:: What to do ::
What you return must be the full data, repeated verbatim, with no pictures in it.

:: Data section ::
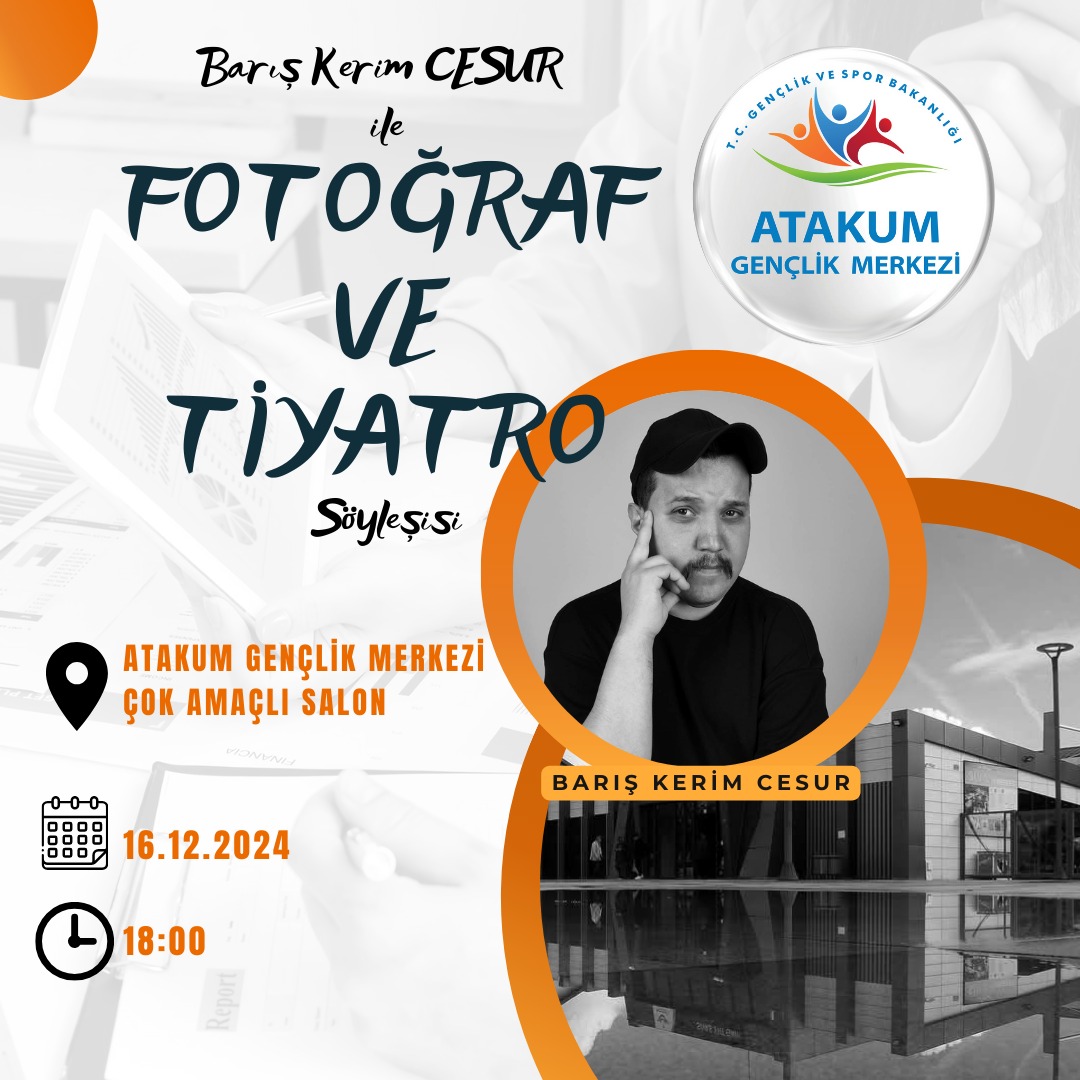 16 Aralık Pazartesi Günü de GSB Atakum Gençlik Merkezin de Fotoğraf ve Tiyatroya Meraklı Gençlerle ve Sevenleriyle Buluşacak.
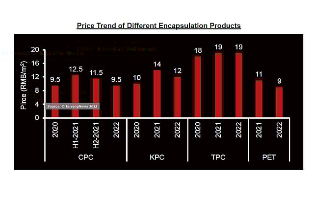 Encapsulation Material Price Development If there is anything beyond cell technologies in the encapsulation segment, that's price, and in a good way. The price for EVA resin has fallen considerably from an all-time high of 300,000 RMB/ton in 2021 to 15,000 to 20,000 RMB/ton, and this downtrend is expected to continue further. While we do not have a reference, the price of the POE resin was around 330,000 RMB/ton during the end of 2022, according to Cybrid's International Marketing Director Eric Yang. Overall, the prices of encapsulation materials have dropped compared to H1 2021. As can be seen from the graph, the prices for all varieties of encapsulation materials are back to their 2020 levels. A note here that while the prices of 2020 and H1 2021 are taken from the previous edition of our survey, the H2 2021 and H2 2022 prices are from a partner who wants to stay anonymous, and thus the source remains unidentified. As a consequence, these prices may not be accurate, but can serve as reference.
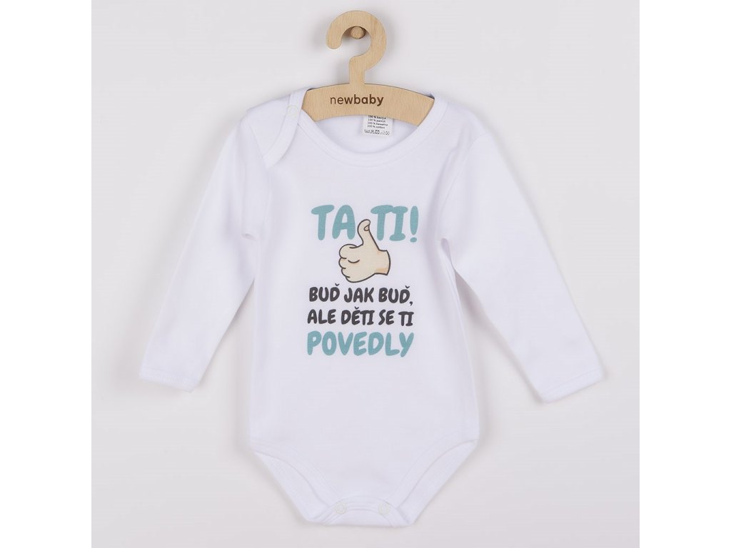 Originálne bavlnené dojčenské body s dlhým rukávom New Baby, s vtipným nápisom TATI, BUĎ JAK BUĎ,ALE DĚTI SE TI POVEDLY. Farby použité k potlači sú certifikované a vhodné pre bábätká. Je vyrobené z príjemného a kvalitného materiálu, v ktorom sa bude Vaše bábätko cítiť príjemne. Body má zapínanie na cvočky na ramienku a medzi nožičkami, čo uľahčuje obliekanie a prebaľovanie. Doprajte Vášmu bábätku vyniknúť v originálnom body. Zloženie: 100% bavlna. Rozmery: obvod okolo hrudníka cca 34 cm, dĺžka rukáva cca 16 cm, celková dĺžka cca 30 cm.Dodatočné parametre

:: Reply ::
 16 Aralık Pazartesi Günü de GSB Atakum Gençlik Merkezin de Fotoğraf ve Tiyatroya Meraklı Gençlerle ve Sevenleriyle Buluşacak.
 Encapsulation Material Price Development If there is anything beyond cell technologies in the encapsulation segment, that's price, and in a good way. The price for EVA resin has fallen considerably from an all-time high of 300,000 RMB/ton in 2021 to 15,000 to 20,000 RMB/ton, and this downtrend is expected to continue further. While we do not have a reference, the price of the POE resin was around 330,000 RMB/ton during the end of 2022, according to Cybrid's International Marketing Director Eric Yang. Overall, the prices of encapsulation materials have dropped compared to H1 2021. As can be seen from the graph, the prices for all varieties of encapsulation materials are back to their 2020 levels. A note here that while the prices of 2020 and H1 2021 are taken from the previous edition of our survey, the H2 2021 and H2 2022 prices are from a partner who wants to stay anonymous, and thus the source remains unidentified. As a consequence, these prices may not be accurate, but can serve as reference.
 Originálne bavlnené dojčenské body s dlhým rukávom New Baby, s vtipným nápisom TATI, BUĎ JAK BUĎ,ALE DĚTI SE TI POVEDLY. Farby použité k potlači sú certifikované a vhodné pre bábätká. Je vyrobené z príjemného a kvalitného materiálu, v ktorom sa bude Vaše bábätko cítiť príjemne. Body má zapínanie na cvočky na ramienku a medzi nožičkami, čo uľahčuje obliekanie a prebaľovanie. Doprajte Vášmu bábätku vyniknúť v originálnom body. Zloženie: 100% bavlna. Rozmery: obvod okolo hrudníka cca 34 cm, dĺžka rukáva cca 16 cm, celková dĺžka cca 30 cm.Dodatočné parametre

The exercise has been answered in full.